Koszuba: Trzeba czynu wielkiego jak niedola tej ziemi, głębokiego jak groby naszych ofiar (ukazuje morze).
Matiuszenko: Zasypmy kartaczami forty — wysadźmy na ląd żołnierzy — szturmem wziąć kazarmy —
Riesniczenko: Nie mamy na to oficerów.
Koszuba: Naznaczmy z pośród siebie.
Aleksiejew: Tylko bieda, że takich jak wy nikt nie będzie słuchał. Oficerowie muszą być lub muszą wydawać się istotami wyższej rasy — spełniającymi wolę niedosiężnego prawa.
Werkmajster: A to, co my tu uradzimy — to tyle, co kupa mielących języków na jarmarku.
Aleksiejew: Nasz pancernik wogóle za dużo mówi.
Kozak: Zmienił sia w bałagan. Treba strelać, ot co.
Zwenigorodzki: Nasz pancernik zmienia się w wielki sąd nad Rosyą. I wara obniżać wielkie znaczenie słowa.
Napiszmy proklamacyę do całego cywilizowanego świata —
Zwróćmy się z zaklęciem bratniem do żołnierzy i Kozaków.
Kto umie na maszynie pisać?
Inżynier Kowalenko: Ja mogę.
Dr.
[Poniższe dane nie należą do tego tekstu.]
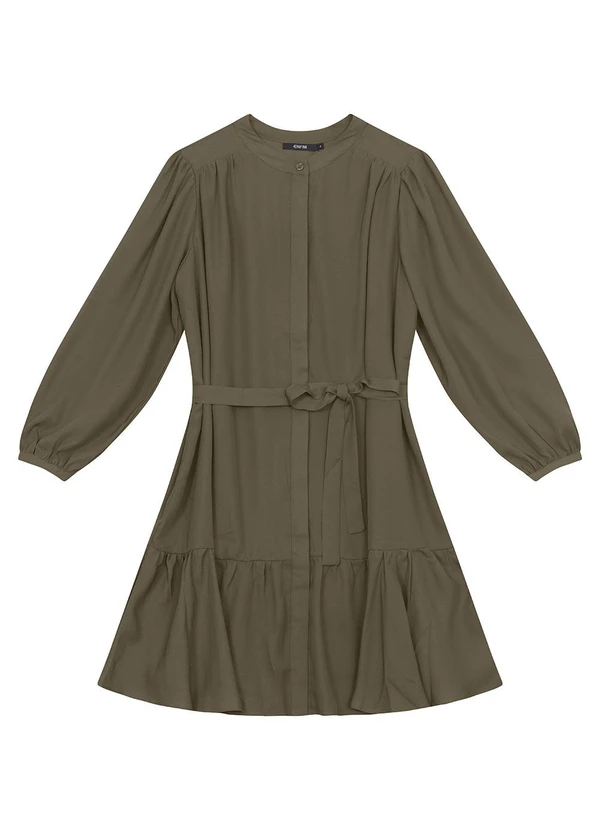 Enfim - Vestido Curto Evasê em Crepe Verde Militar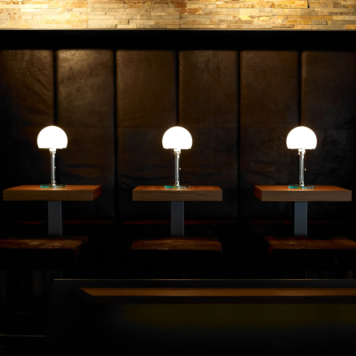 The Wagenfeld -lamp is one of the most famous lamps of the Bauhaus era. It was designed in 1924 by Wilhelm Wagenfeld (1900-1990) in 1924. After an apprenticeship in a silverware factory and attending a drawing academy, he joined the world-famous Bauhaus workshop as a journeyman and created the design classic W24, the " Wagenfeld -lamp", also known as the "Bauhaus lamp". With his designs in metal and glass, he became Wagenfeld became one of the most important industrial designers of his time.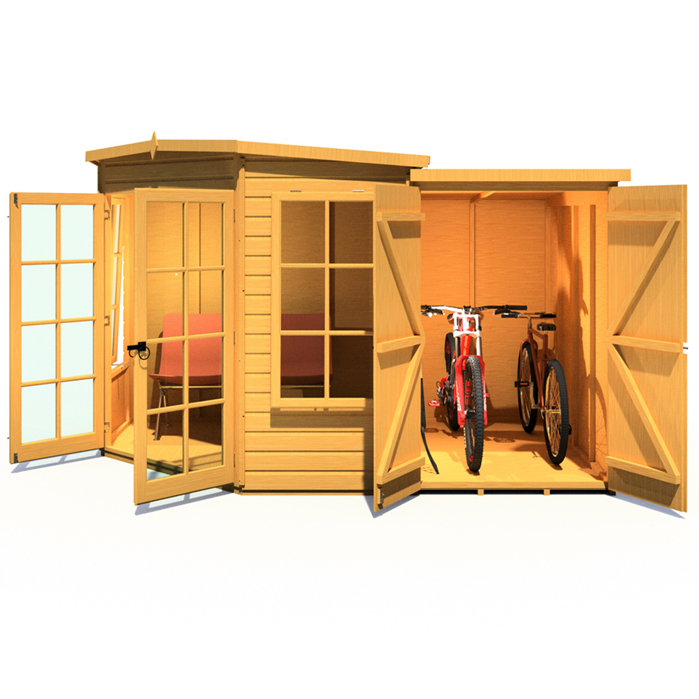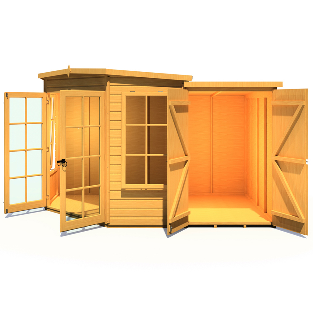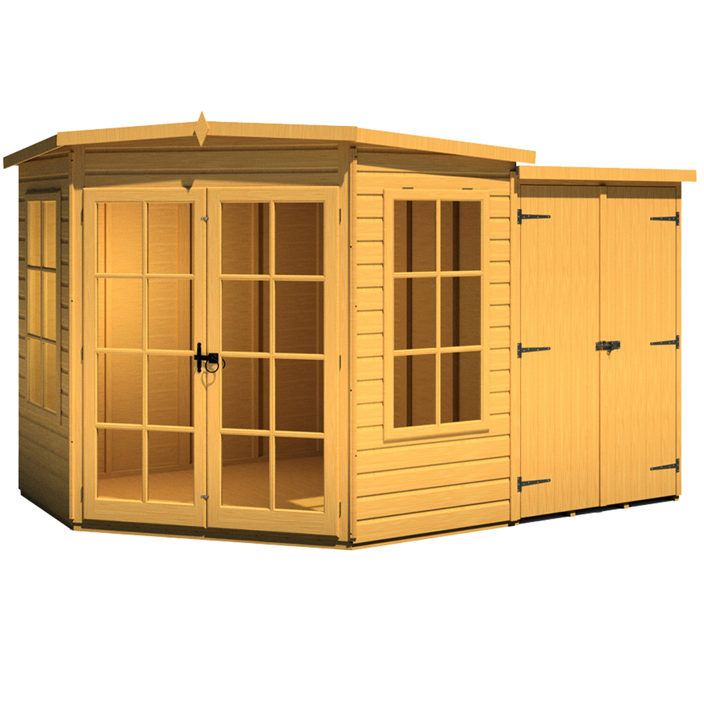Host memorable evenings in your outdoor oasis with the Shire Hampton 7 x 11ft Double Door Corner Summerhouse with Side Shed. Designed to fit neatly into the corner, the summerhouse gives you a beautiful garden room with the bonus of a separate storage shed. The summer house has two joinery quality opening windows and fully glazed, large double doors allowing plenty of light. The building is constructed on 34mm square framing and clad with planed 12mm shiplap tongue and groove boards made only from the highest grade, slow-grown, FSC-approved Northern European pine. Plus, the floor and roof are also made from 12mm tongue and groove. To ensure your summerhouse looks stunning, it comes with a dip-treated base coat preservative ready for you to top coat to your choice immediately on installation; this could be a paint or a stain. Get ready to enjoy a summer like never before. The picture illustrates what can be achieved with decoration. When setting, allowance should be made for the roof overhang and access for painting and during installation. Before you assemble your building, you will need a flat base and level to a sufficient size. Grass, soil or gravel are not sufficient as they will move with the weight of a building. Imperial dimensions are approximate to the nearest foot. Please refer to the exact metric dimensions in the data given. Following your order, you will be sent a link to choose your delivery day. On the morning of delivery day, you will also receive live tracking information. Note: Currently, the product is not delivered to DG, TD, KA, ML, EH, G, PA, FK, KY, PH, DD, AB IV and KW areas. The inconvenience is regretted, and you will be updated when it's available to order for the mentioned postcodes.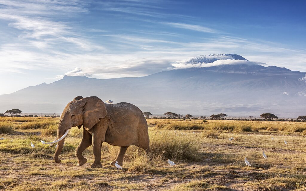 Leave Lake Naivasha early on a five-hour transfer south back to the border with Tanzania. Your destination is Amboseli National Park, which encompasses the foothills of mighty Mount Kilimanjaro, the highest peak in Africa (19,340 ft/ 5,895 m). Besides views of Kilimanjaro’s snowcapped cone, this 151 square-mile (392 square km) park features abundant wildlife. Mostly, Amboseli is famous for its large herds of elephants. The park’s open plains make it easy to spot these gentle giants as they move across the savanna.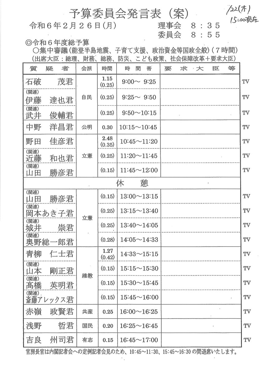 本日は予算集中質疑。「説明責任を果たす」と岸田総理は何十回も繰り返しているのだから、当然公開でしょう。そうでなければ参考人招致で国民に説明を。#政倫審#裏金衆院政倫審 野党“公開を” 自民 議員の傍聴認める案で調整か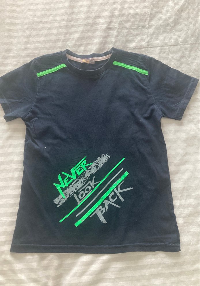 Lacivert , dar kesim erkek çocuk tişörtü, kısa kollu ve bisiklet yaka. Sokak stili baskı ve cırt cırt detaylarıyla rock punk havası taşıyor. ✨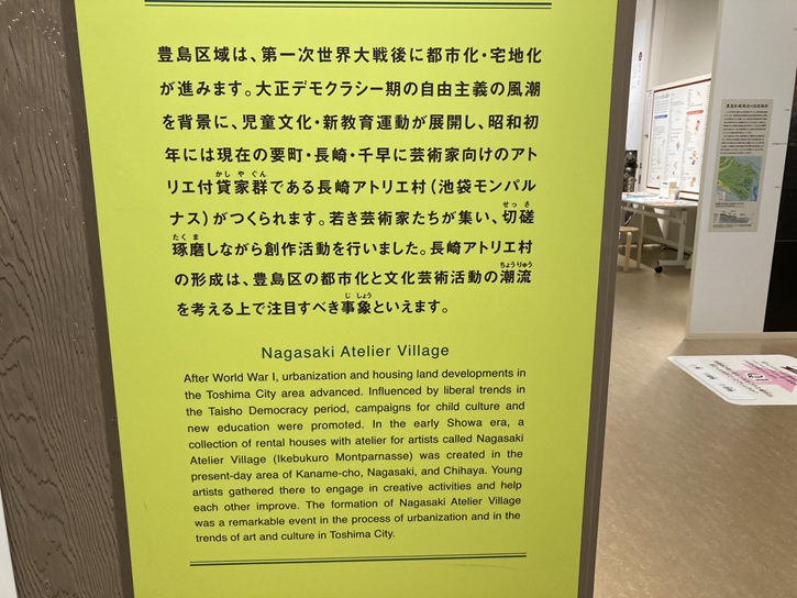 After World War I, urbanization and housing land developments in the Toshima City area advanced. Influenced by liberal trends in the Taisho Democracy period, campaigns for child culture and new education were promoted. In the early Showa era, a collection of rental houses with atelier for artists called Nagasaki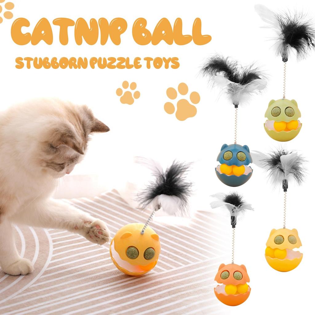 Неваляшка для кошек, веселый шарик из кошачьей мяты, чтобы избавиться от скуки, игрушка для кошек с перьями, товары для домашних животных
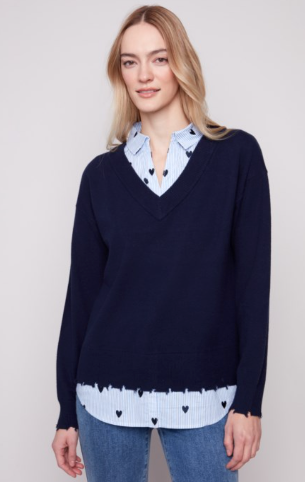 V-Neck Fooler Sweater with Heart Embroidered Poplin Shirt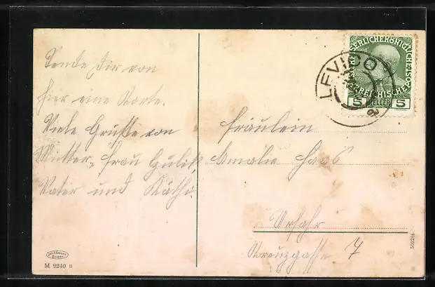 Personenbezogene Daten auf der Rückseite der Karte wurden durch blauen Textmarker unkenntlich gemacht. Die blauen Stellen sind auf die Vorderseite durchgeweicht und wirken sich negativ auf das Postkartenfoto aus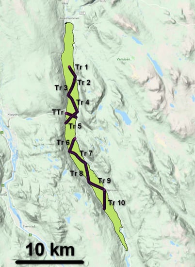 Map of Lake Storsjøen with transects Tr 1–10 recorded in May 2016, and the test transect TTr where six transects were performed to test the effects of the ping repetition frequency (PRF) and pulse duration (PD) on density estimates, in September 2017.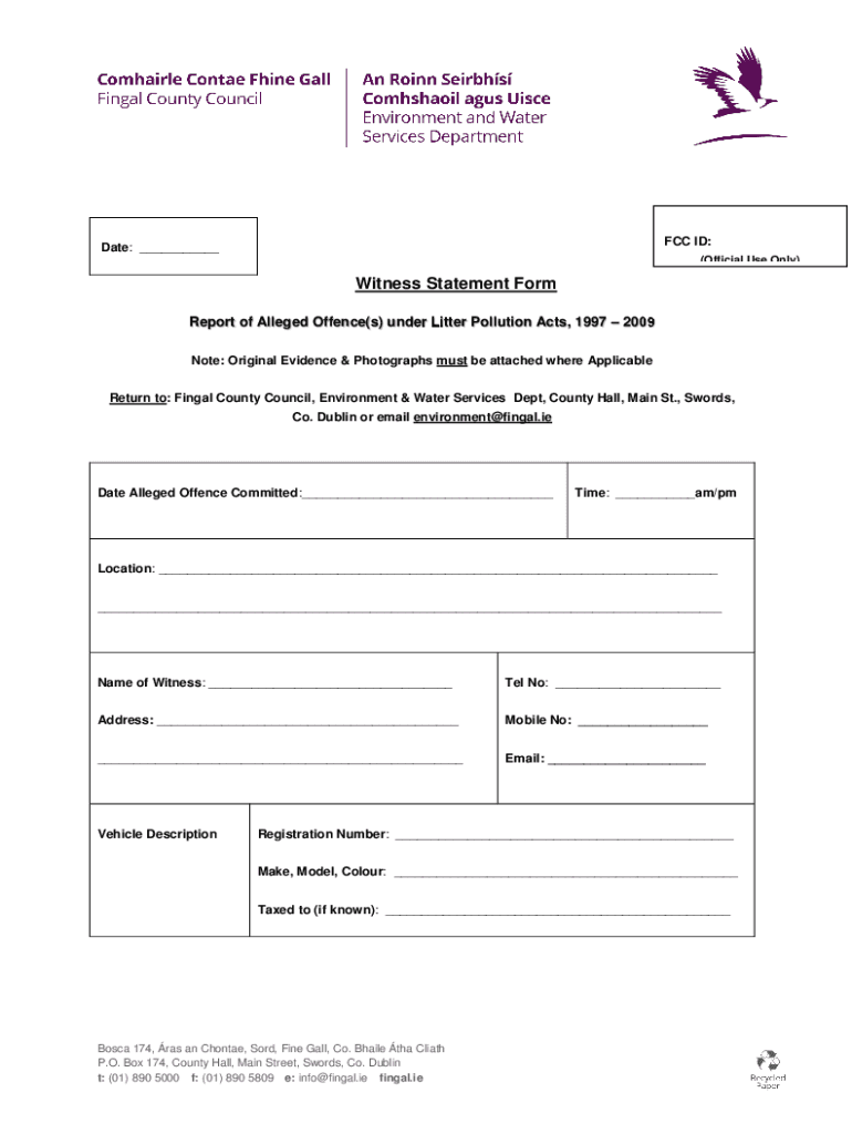 FCC ID:Date: (Official Use Only)Witness Statement Form Report of Alleged Offense(s) under Litter Pollution Acts, 1997 2009 Note: Original Evidence & Photographs must be attached where Applicable Return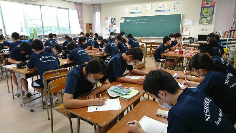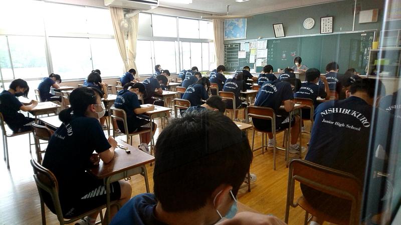 2020年8月31日 14時15分最後の力を振り絞って最終科目のテストに取り組んでいます。今日、できなかったところ、わからなかったところを重点的に復習しましょう。
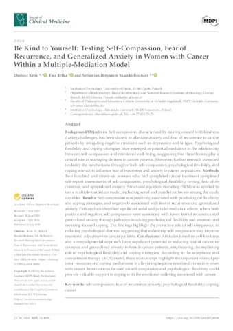 Be Kind to Yourself : Testing Self-Compassion, Fear of Recurrence, and Generalized Anxiety in Women with Cancer Within a Multiple-Mediation Model.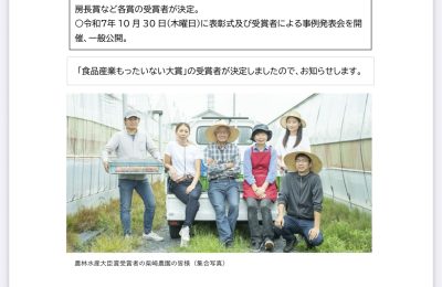 「食品産業もったいない大賞」は、(公財)食品等流通合理化促進機構が主催、農林水産省…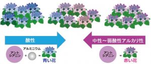 酸性の土の場合は、土に含まれるアルミニウムが酸の影響を受けて土壌に溶け出している状態の為、これを根っこから吸収した紫陽花の花びらは化学反応の結果青く変化する、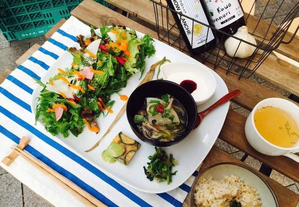 地元の生産者へ出向き、直接買い付けた地場のお野菜をふんだんに使ったカフェメニューを提供しています。料理研究家集団「チーム生駒組」メンバーが腕によりをかけて、心も身体も喜ぶランチを楽しんで頂けます。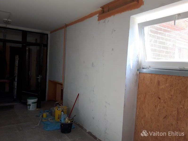Параллельно в подъезде была удалена старая краска на стенах, стены выровнены шпаклёвкой и покрашены.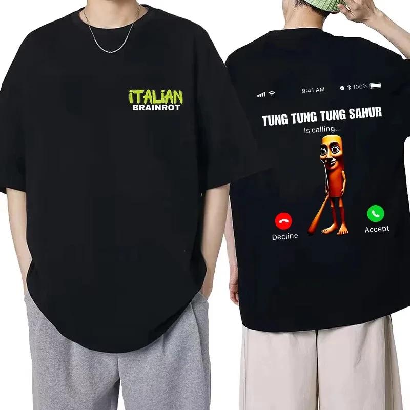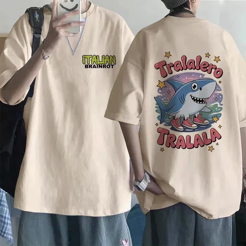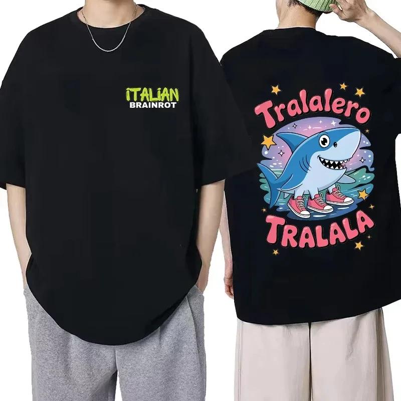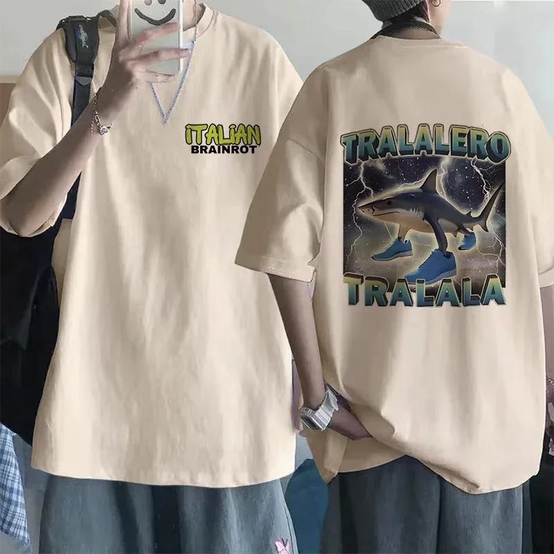 Тралалеро Тралала Смешной Итальянский Мозголом Мем Принт Хлопковая Футболка Летняя Мужская Женская С Коротким Рукавом Футболки Повседневная Спортивная Свободная Верх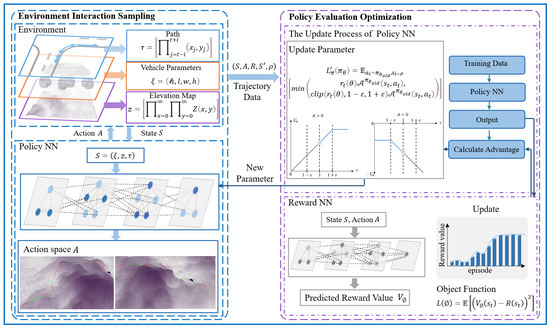 The mode decision algorithm aims to determine the appropriate mode for a vehicle, based on the elevation changes in a 2.5D path and the performance thresholds of wheel–leg vehicles. Given the future path of the vehicle, elevation map data, and basic performance parameters, it is required to ascertain the mode to be used by the vehicle as it passes through each path point. Figure 2 presents the architecture of the mode decision-making algorithm, which consists of an environmental interaction sampling module and a policy evaluation optimization module.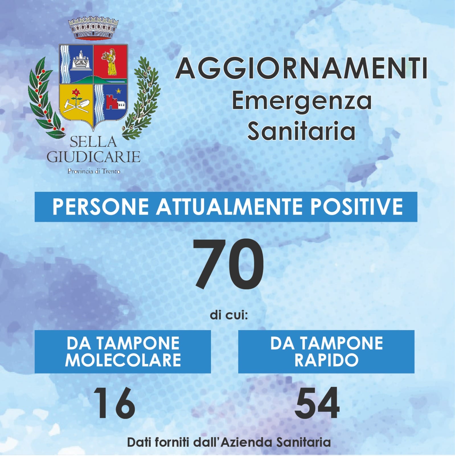«Cari concittadini, la seconda ondata dell'emergenza sanitaria da Covid-19 che stiamo vivendo è sempre più preoccupante e difficile. L'Amministrazione comunale, ritiene opportuno comunicare i dati forniti dall'Azienda Sanitaria in merito alle persone attualmente positive residenti a Sella Giudicarie che sono in totale 70, di cui 16 individuate con tampone molecolare e 54 con tampone antigenico rapido. Il numero 70 deve farci da monito sull'importanza di #rispettare scrupolosamente le #regole e di attuare #corportamenti #responsabili. L'impegno di tutti è attualmente l'unico rimedio disponibile per contrastare la pandemia...».
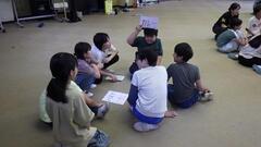学年レク、みんなのヒントで言葉を当てます。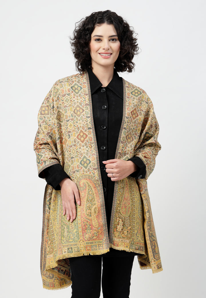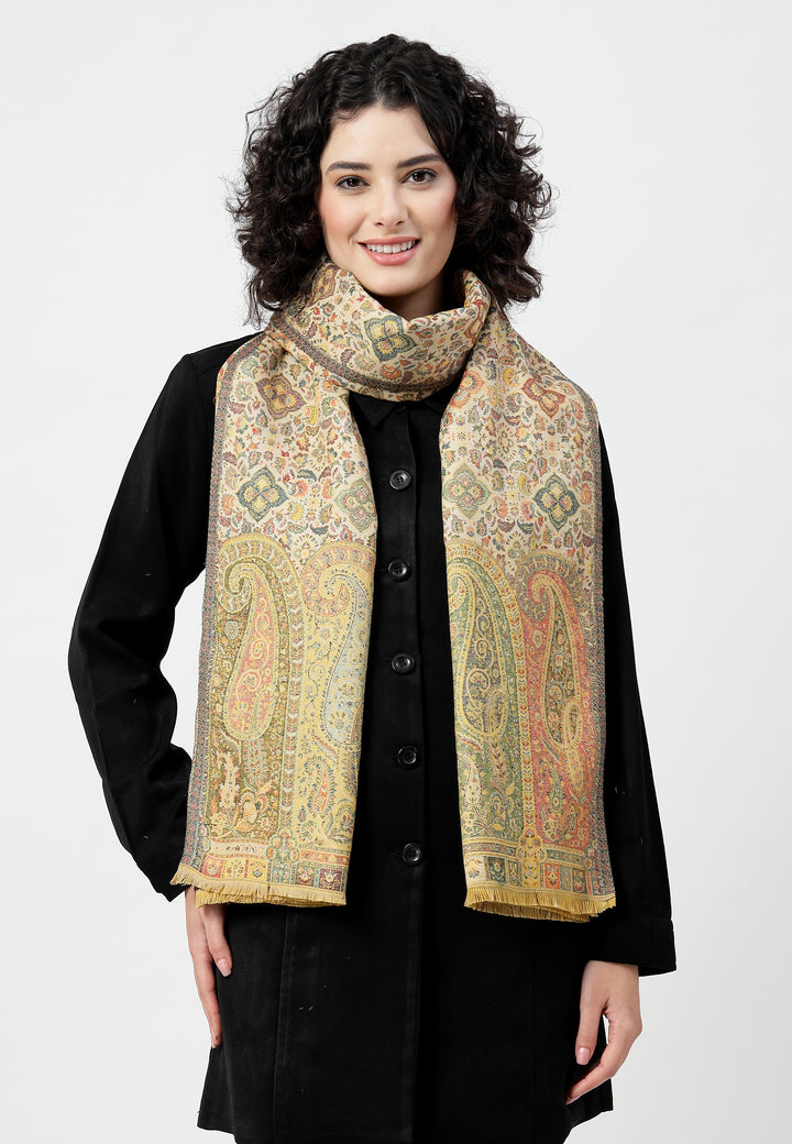 Mooie Jamawar ontwerpen, op een zachte faux pashmina stof en traditionele kunst. Populair sinds het Mughal-tijdperk. Deze traditionele Kashmiri stijl sjaal heeft een ingewikkeld ontwerp en kwaliteit.

Golenko (ciągnie go za połę): E, nie umiecie — zrobicie jeszcze błąd — i puls nieprawidłowy — o, to źle.
Jako lekarz, zabraniam inżynierowi Kowalence sforsowania — jest słaby na serce — choć on o tem sam nie wie. (cicho) Naco wy to robicie?
Inżynier Kowalenko: Ja robię tak jak podpowiada moje sumienie.
Piszmy.
Kozak: Ho, ho — jak starii Kozaki do sułtana? Tylko ostroumnie — i nie zabudźcie mamy.
(Inżynier siada na uboczu i pisze — Zwenigorodzki układa odezwę — schodzą się majtkowie, tłumem oblegają komitet.)
Strona:PL Miciński - Kniaź Patiomkin.djvu/92
Ta strona została przepisana.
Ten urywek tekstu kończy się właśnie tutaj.